An unintended consequence of the vast pretraining of Large Language Models (LLMs) is the verbatim memorization of fragments of their training data, which may contain sensitive or copyrighted information. In recent years, unlearning has emerged as a solution to effectively remove sensitive knowledge from models after training. Yet, recent work has shown that supposedly deleted information can still be extracted by malicious actors through various attacks. Still, current attacks retrieve sets of possible candidate generations and are unable to pinpoint the output that contains the actual target information.We propose activation steering as a method for exact information retrieval from unlearned LLMs. We introduce a novel approach to generating steering vectors, named Anonymized Activation Steering. Additionally, we develop a simple word frequency method to pinpoint the correct answer among a set of candidates when retrieving unlearned information. Our evaluation across multiple unlearning techniques and datasets demonstrates that activation steering successfully recovers general knowledge (e.g., widely known fictional characters) while revealing limitations in retrieving specific information (e.g., details about non-public individuals). Overall, our results demonstrate that exact information retrieval from unlearned models is possible, highlighting a severe vulnerability of current unlearning techniques.
Papers points severe evaluation flaw in the Unlearning works
In this paper, the authors present an attack to extract supposedly "unlearned" information after unlearning in LLMs.
To achieve this, they rely on the concept of activation steering to guide activations in a certain direction during the LLM inference stage.
In particular, they determine the steering direction by analyzing the activations of the original unlearned prompts and anonymized prompts, then apply the steering direction with a scale factor.
The biggest strength of the paper is that it demonstrates many unlearning techniques still retain knowledge about the unlearned content. This highlights the need for a more robust assessment of unlearning techniques.
Overall, the paper’s findings are important to the LLM unlearning community.
Simple and fun
Summary:
This paper presents a method to exploit vulnerabilities in the unlearning process of Large Language Models (LLMs), highlighting the weaknesses of current unlearning techniques. The proposed approach, called Activation Steering, enables precise extraction of information that was supposedly unlearned. By manipulating activation patterns, the authors demonstrate that even when information is removed from a model, it can still be recovered with high accuracy under certain conditions. The study reveals that current unlearning methods are inadequate, as they do not fully eliminate sensitive knowledge, leaving models susceptible to targeted attacks. This work underscores the need for more robust unlearning strategies to prevent unauthorized data retrieval.
Strengths:
Novelty: The introduction of activation steering as a technique to retrieve unlearned information is innovative. It advances beyond existing methods by focusing on exact information retrieval, rather than generating sets of possible candidates.
Simplicity: The method is straightforward, relying on simple activation manipulations and prompt anonymization. This simplicity makes it relatively easy to implement and understand, which enhances its practical applicability.

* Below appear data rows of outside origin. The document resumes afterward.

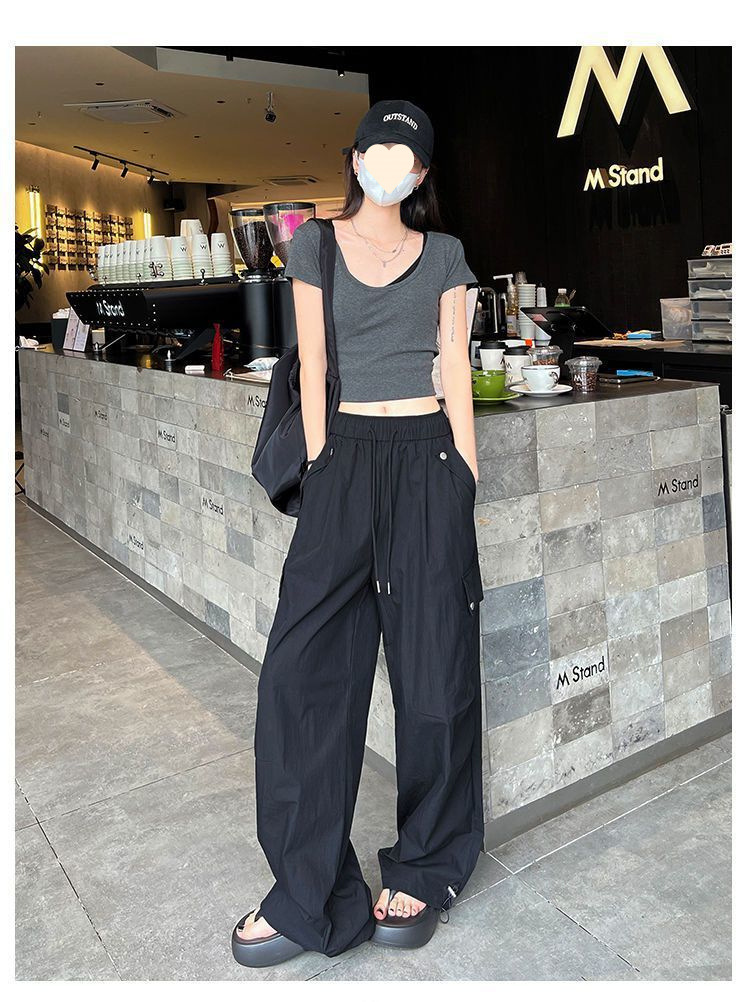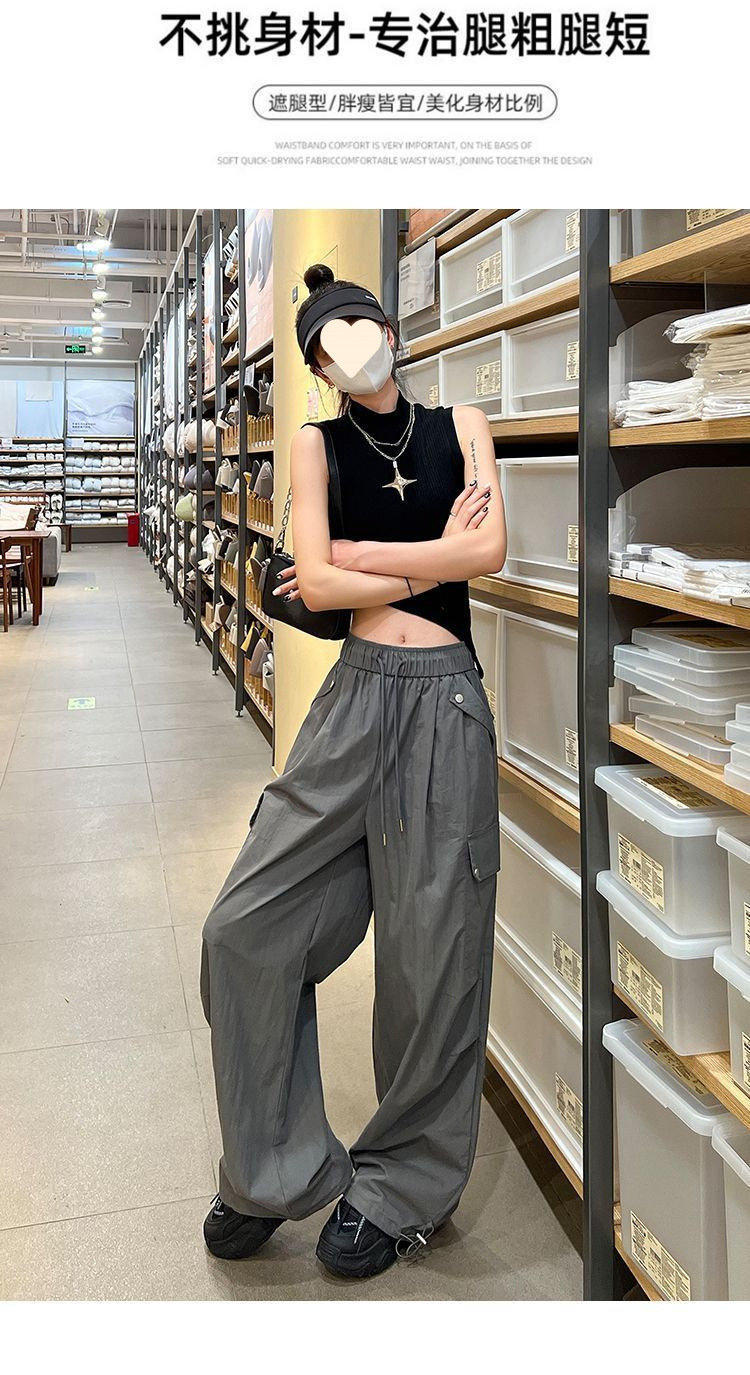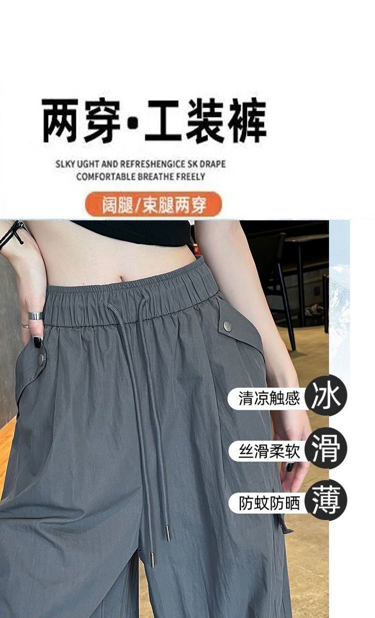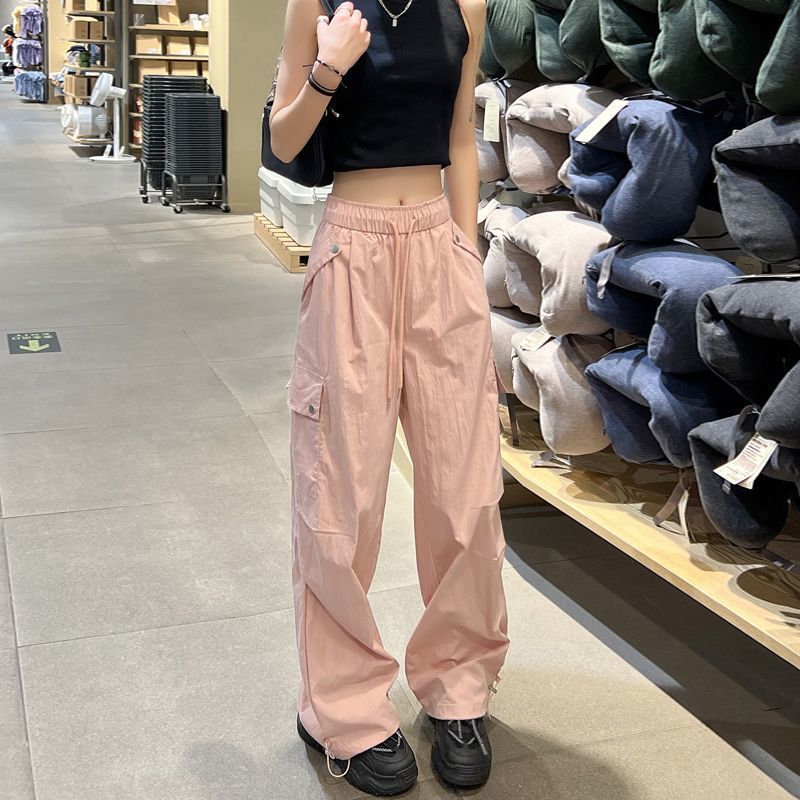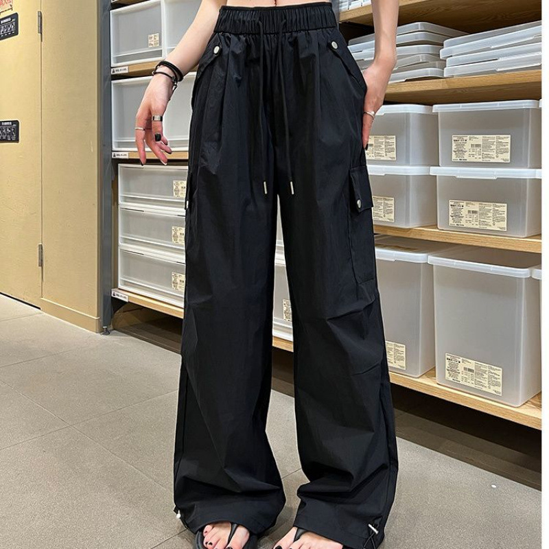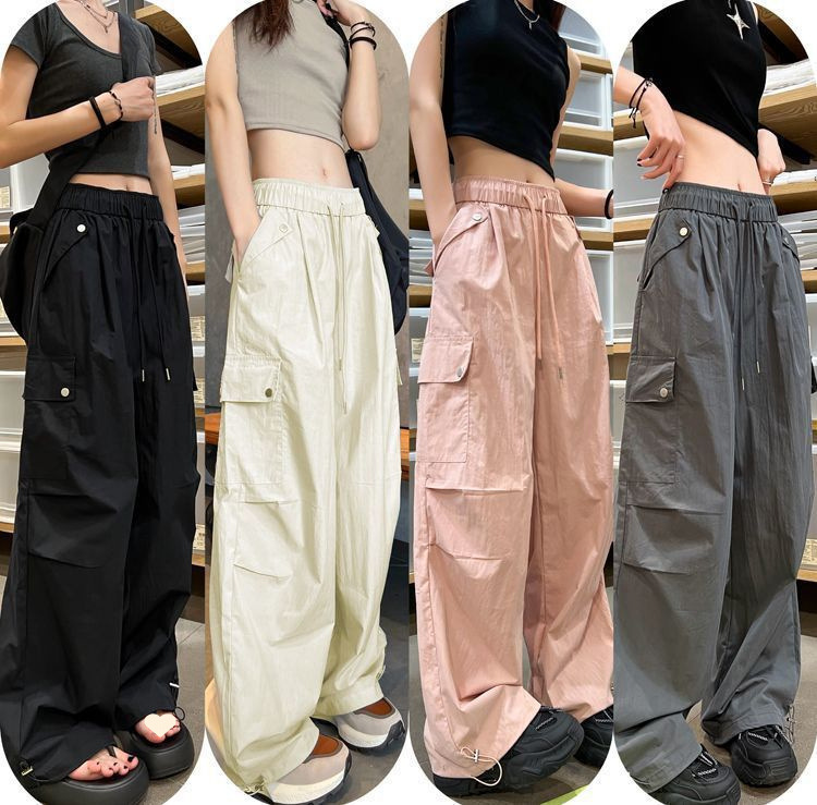 가을 겨울 여성을 위한 얇은/벨벳 아메리칸 파라슈트 작업복 새로운 하이웨이스트 루즈 속건성 등산 스포츠 와이드 팬츠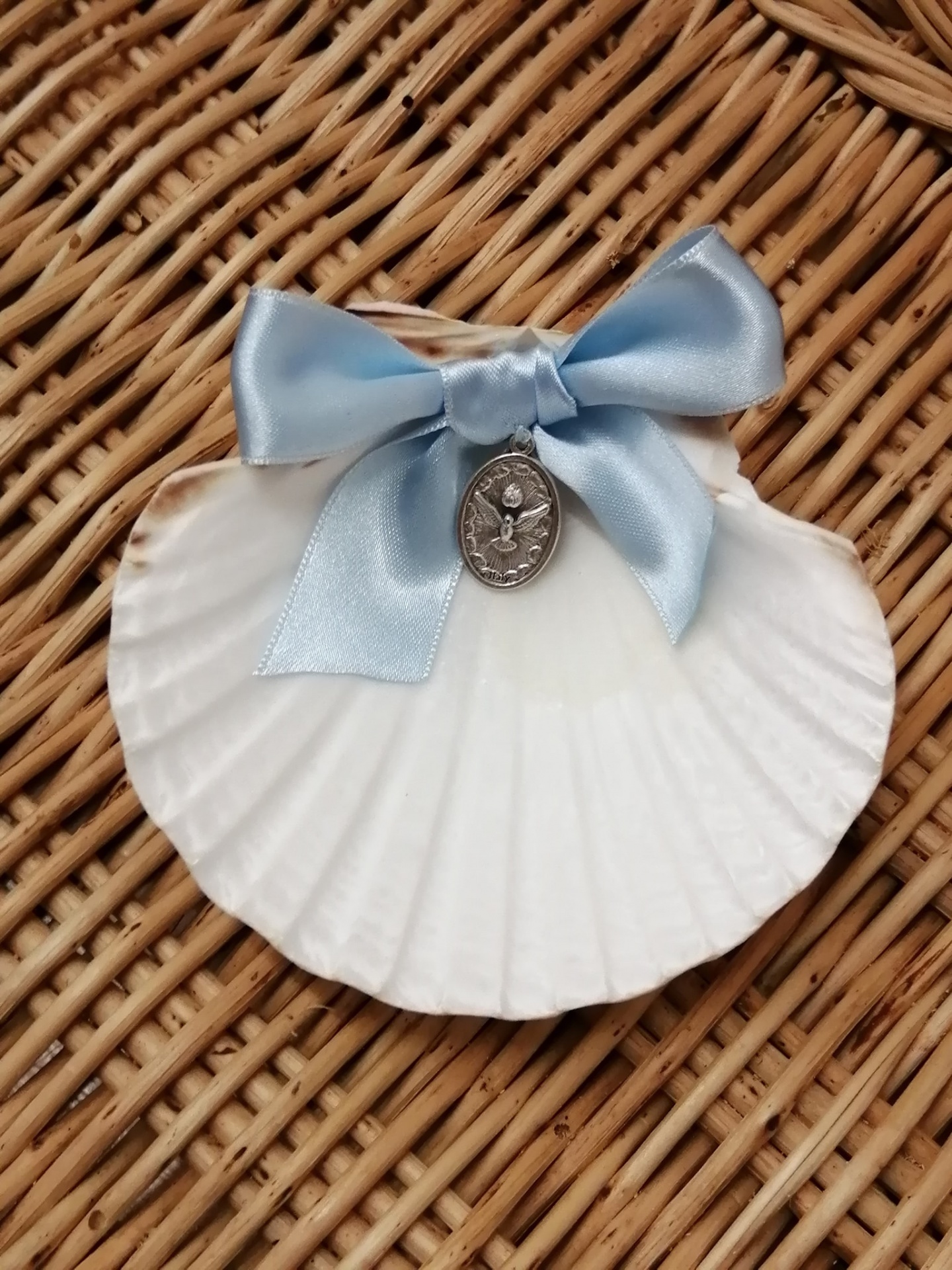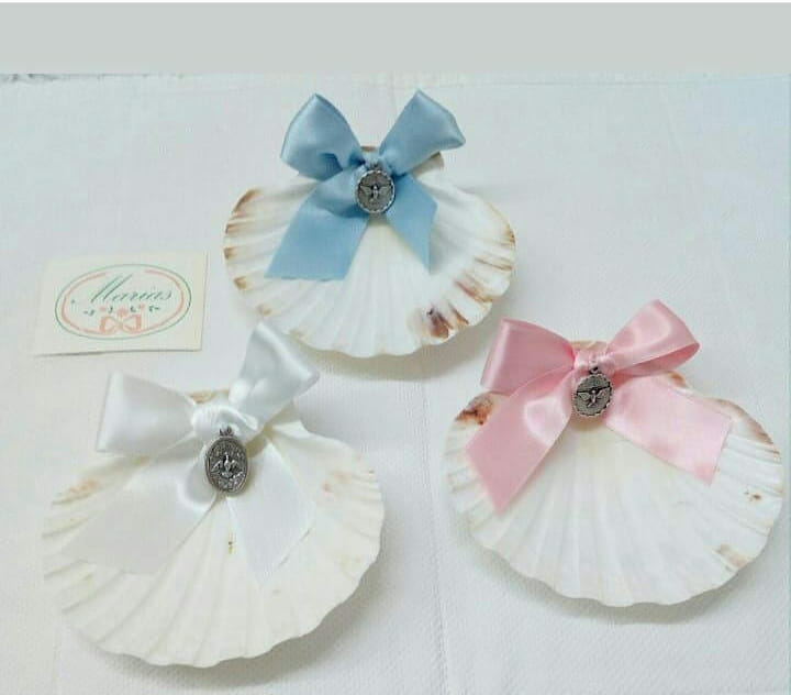 CONCHA BATIZADO 10,00 € Desconto de %. Partilhar COR ROSA AZUL BRANCO Comprar Contactar Concha de Batismo com laço e medalha ( Espirito Santo )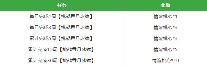 本次大家需要挑战的地图是挑战吞月冰蟾,大家可以在【单人匹配】-【特殊关卡】中找到该地图,击败吞月冰蟾,完成指定任务就可以获得情谊桃心。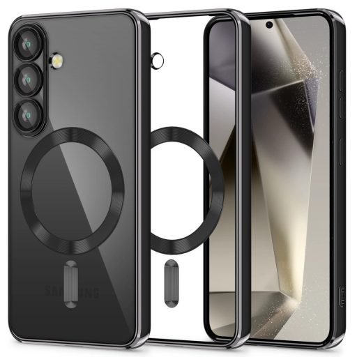 Samsung Galaxy S25 FE SM-S731, Műanyag hátlap védőtok + szilikon keret, közepesen ütésálló, Magsafe töltővel kompatibilis, fényes keret, Magflex Magsafe, átlátszó/fekete
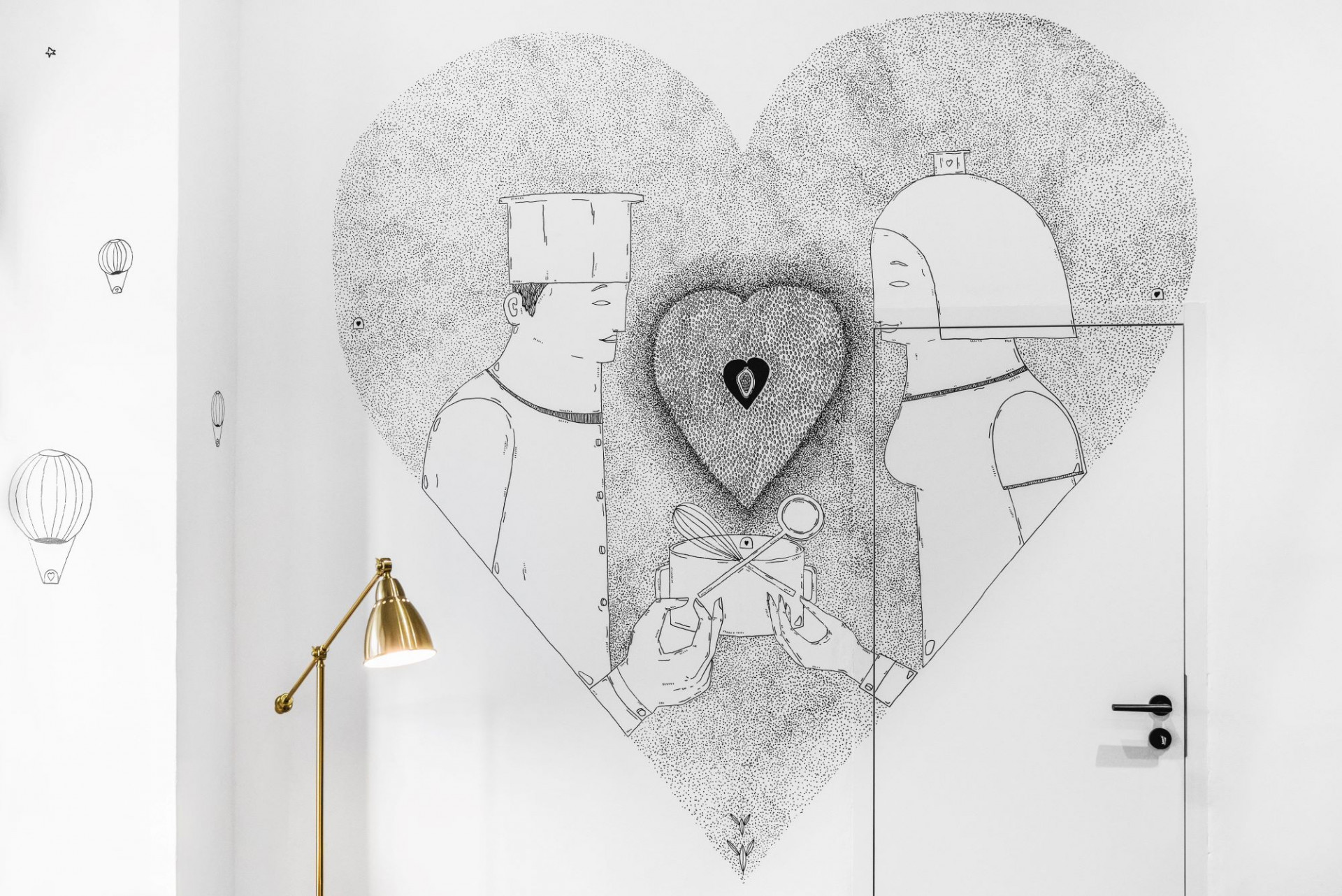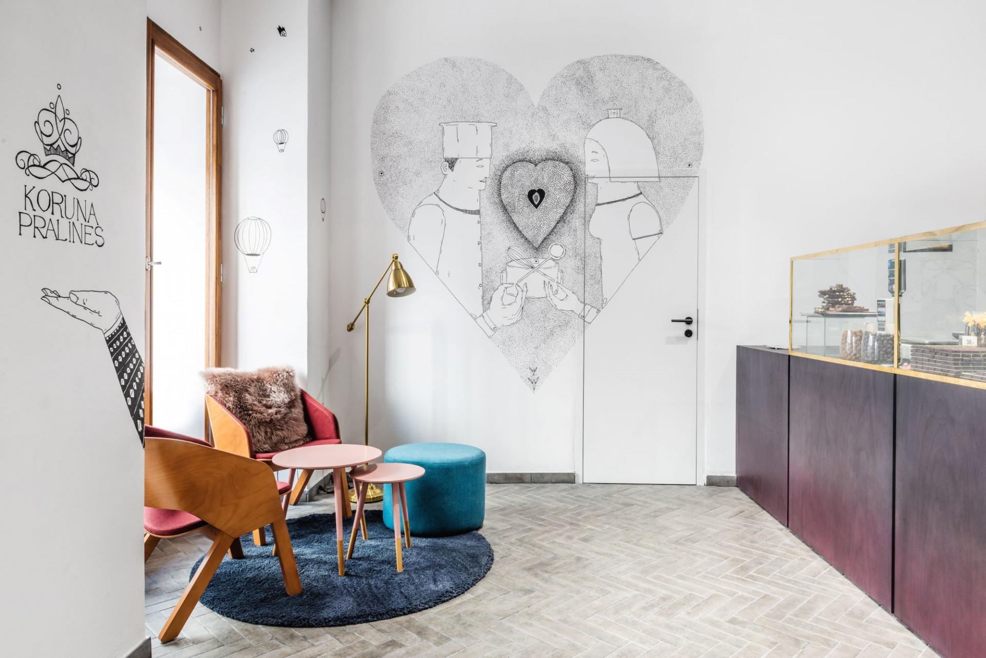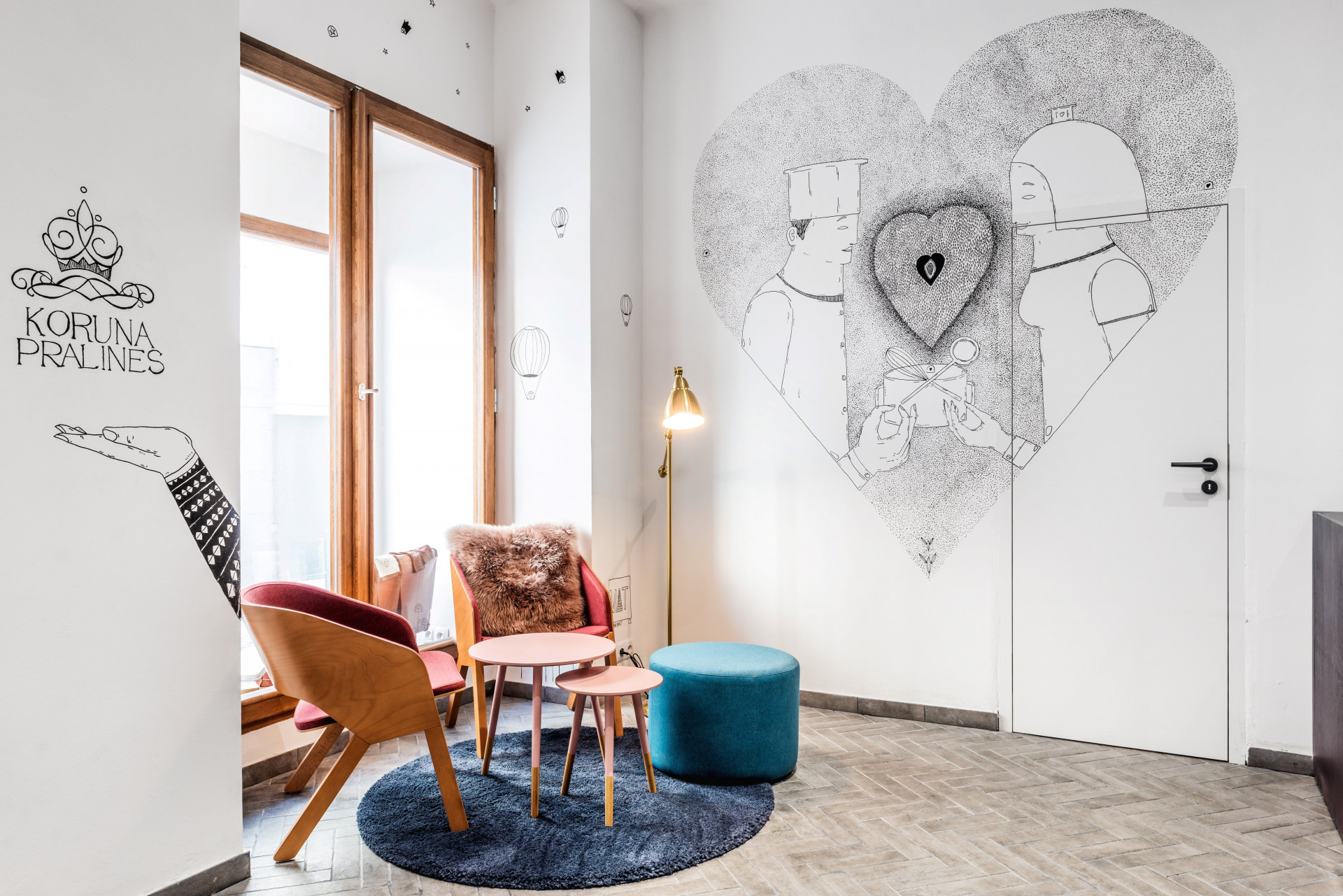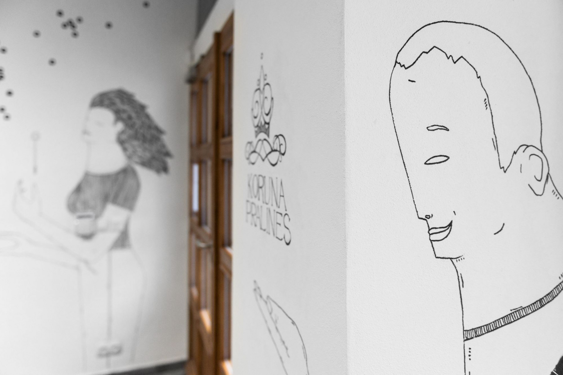 „Motiv srdce na uvítací stěně se soustřeďuje do středu z kakaových bobů, ve kterém je v samotném středu čokoládové srdce s celým bobem. Tento jednoduchý motiv jsem volil tak, aby byl lehce zapamatovatelný a lidé si jej s pralinkárnou spojili, avšak zároveň je srdce detailně vykreslené, aby v něm hledali. Dva kuchaři po boku se nemohou dočkat, až se pustí do vaření další chutné čokolády,“ popisuje autor ilustrací. „Na protější straně je pak slečna, která namáčí bublifuk ve tvaru pralinky do horké čokolády a rozfukuje pralinky po celém světě.“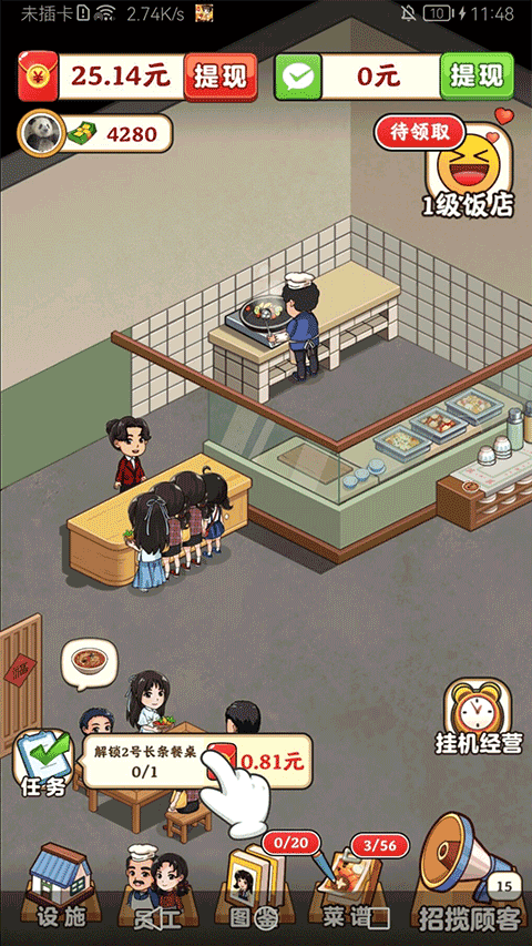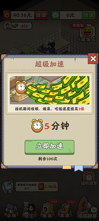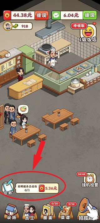 玩家点击右下角挂机经营,可以加速饭店进度。

Direct Identification of Unlearning Issues: The paper clearly pinpoints the shortcomings of existing unlearning techniques, showing that current methods fail to completely eliminate sensitive data from LLMs.
Weaknesses:
- Subjective Evaluation Criteria: The use of keyword frequencies as a proxy for answer correctness could introduce bias and may not fully capture the semantic accuracy of responses.
- Lack of tasks: The paper focuses primarily on unlearning scenarios without exploring how the method might perform on a broader range of tasks. Expanding the experiments to include different types of tasks could provide a more comprehensive evaluation of the method's capabilities.
- Unclear Process Description: The description of the method's process, especially the details of generating steering vectors and the anonymization strategy, is somewhat unclear. More clarity and step-by-step explanation are needed to ensure that readers can easily understand and reproduce the technique.
Questions
My question is why was the temperature set to 2 in the experiments? Do different temperatures affect the effectiveness of hacking?
Recommendation
Based on the simplicity of the approach and its effectiveness in clearly identifying the weaknesses in unlearning techniques, I would recommend an accept. Addressing the issues of scalability, generalization, and task diversity could further strengthen the impact of this research.